WHAT YOU NEED TO DO – Everything in the listing below has to be repeated exactly, except the pictures.

RECORDED DATA –
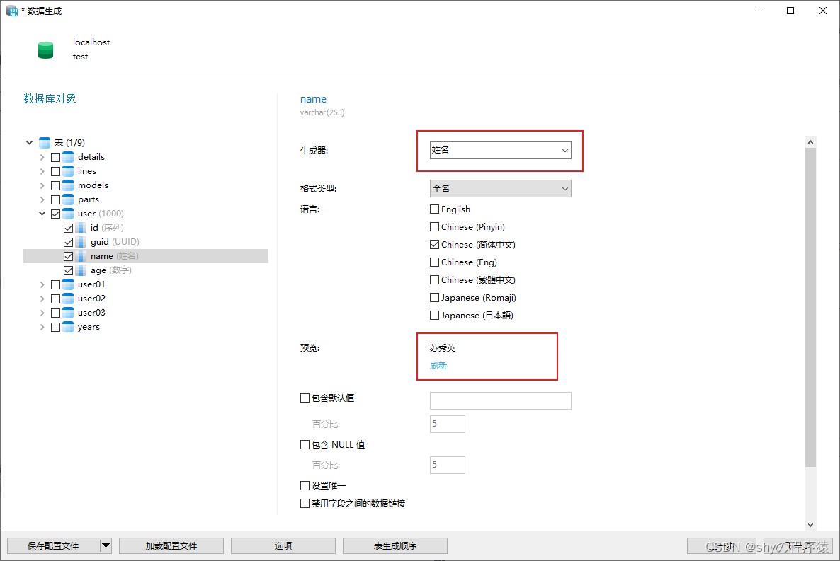 tips:我们在这一步可以对我们刚才所做的配置进行保存,并且可以在下次生成数据的时候直接加载配置好的文件
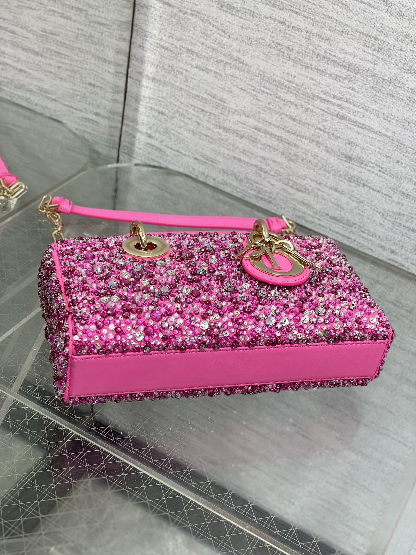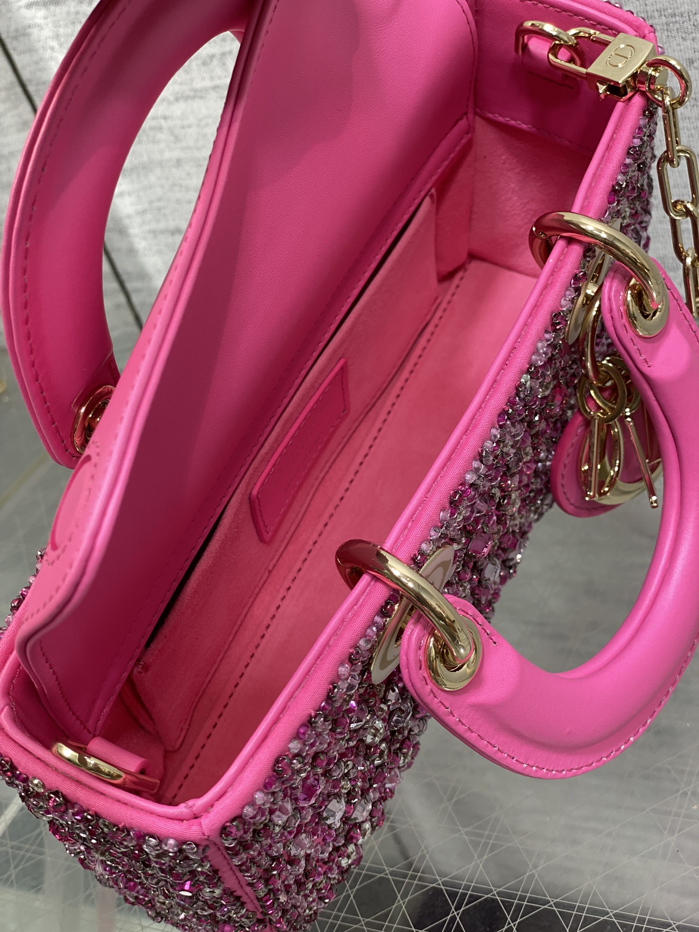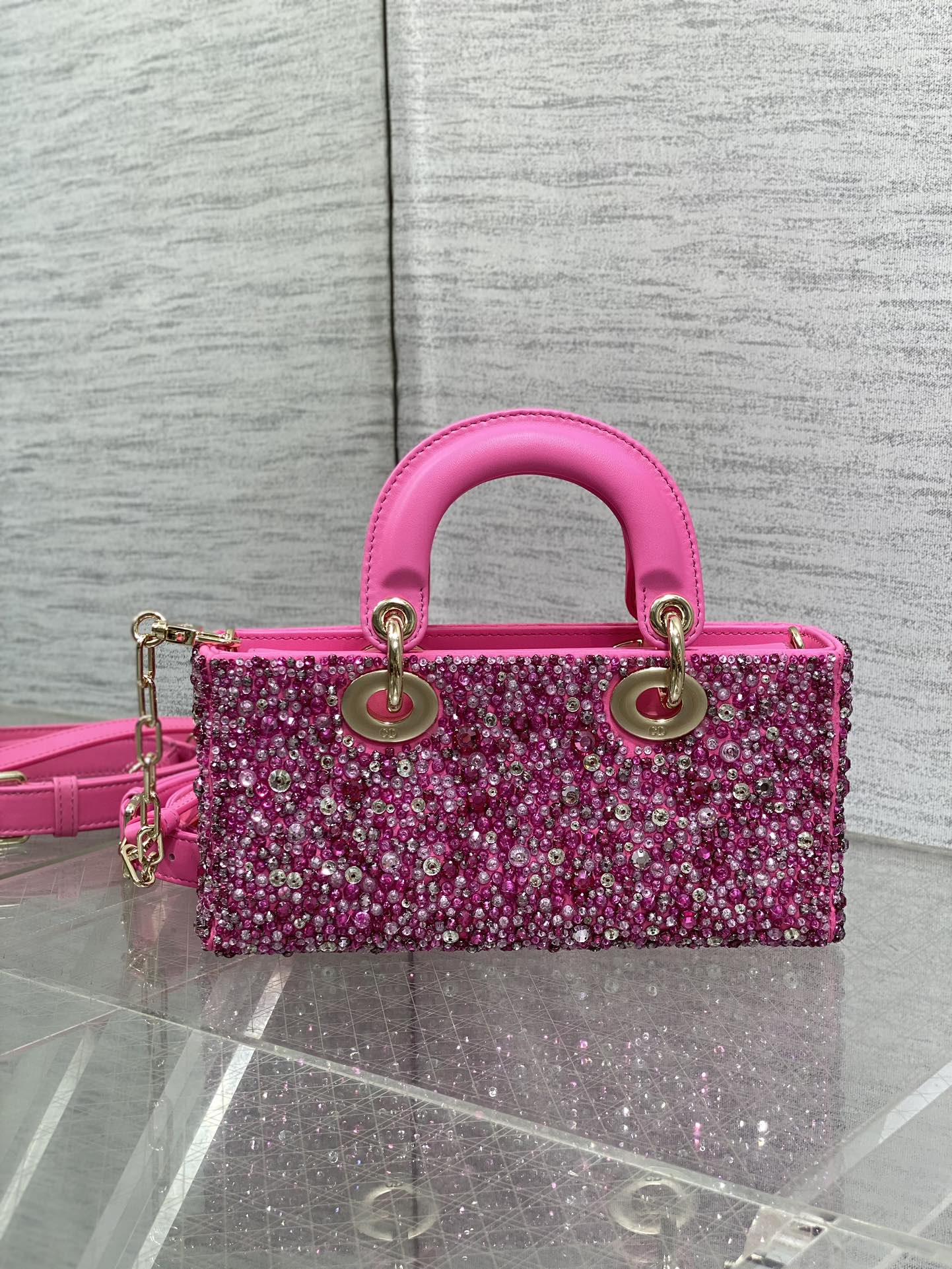 Dior- Lady D-Joy Bag-Limited Edition Heavy Beads-Rose red
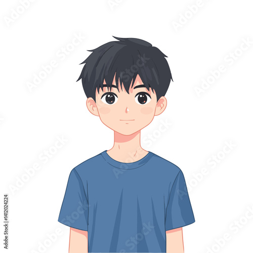 Cartoon boy with dark hair in blue t-shirt vector illustration

SOLUTION BELOW –
 tips:我们在这一步可以对我们刚才所做的配置进行保存,并且可以在下次生成数据的时候直接加载配置好的文件
 Dior- Lady D-Joy Bag-Limited Edition Heavy Beads-Rose red
 Cartoon boy with dark hair in blue t-shirt vector illustration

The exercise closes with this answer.